* Instructions for the task: Please transcribe the data that follows without the pictures, keeping every word the same.

* Given information:
_ _ _ _ _ _ _
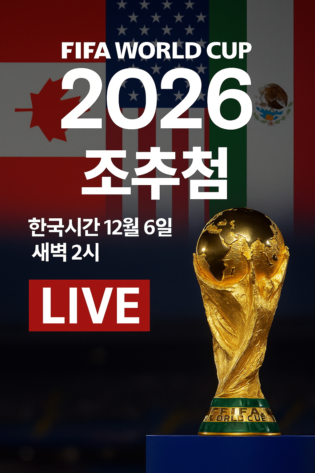 2026월드컵 조추첨은 한국시간으로 2025년 12월 6일(토) 오전 2시에 진행되며, 북중미 3개국 공동 개최, 48개국 참가, 104경기 규모의 역대 최대 대회입니다. 한국 대표팀의 조 편성 결과는 이 시간에 공식 발표됩니다.
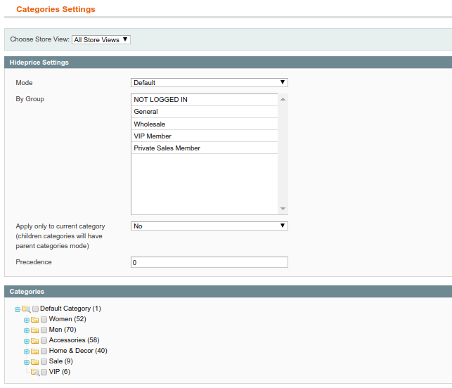 Precedence - In case any product is displayed on the page where no particular category for this product is defined (e.g. search page) or the item belongs to several categories with different Hide Price settings, the Precedence option can be used. With the option you can set which category Hide Price settings will be applied to the products primarily.
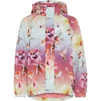 Waiton is a lightweight, functional rain jacket with an all-over print of flowers and hummingbirds in beautiful colours. Waiton has a covered zipper that protects against the elements. It has taped seams, detachable hood and two front pockets. The jacket has Molo's iconic star reflector on the back to make it more visible in the dark. This product has a water resistant, PFC-free surface treatment (Does not contain, e.g. PFOS, PFOA, etc). Water column pressure: 5.000 mm. breathable: 5.000 g/m2/24hr.
_ _ _ _ _ _ _
* Output for this exercise:
 2026월드컵 조추첨은 한국시간으로 2025년 12월 6일(토) 오전 2시에 진행되며, 북중미 3개국 공동 개최, 48개국 참가, 104경기 규모의 역대 최대 대회입니다. 한국 대표팀의 조 편성 결과는 이 시간에 공식 발표됩니다.
 Precedence - In case any product is displayed on the page where no particular category for this product is defined (e.g. search page) or the item belongs to several categories with different Hide Price settings, the Precedence option can be used. With the option you can set which category Hide Price settings will be applied to the products primarily.
 Waiton is a lightweight, functional rain jacket with an all-over print of flowers and hummingbirds in beautiful colours. Waiton has a covered zipper that protects against the elements. It has taped seams, detachable hood and two front pockets. The jacket has Molo's iconic star reflector on the back to make it more visible in the dark. This product has a water resistant, PFC-free surface treatment (Does not contain, e.g. PFOS, PFOA, etc). Water column pressure: 5.000 mm. breathable: 5.000 g/m2/24hr.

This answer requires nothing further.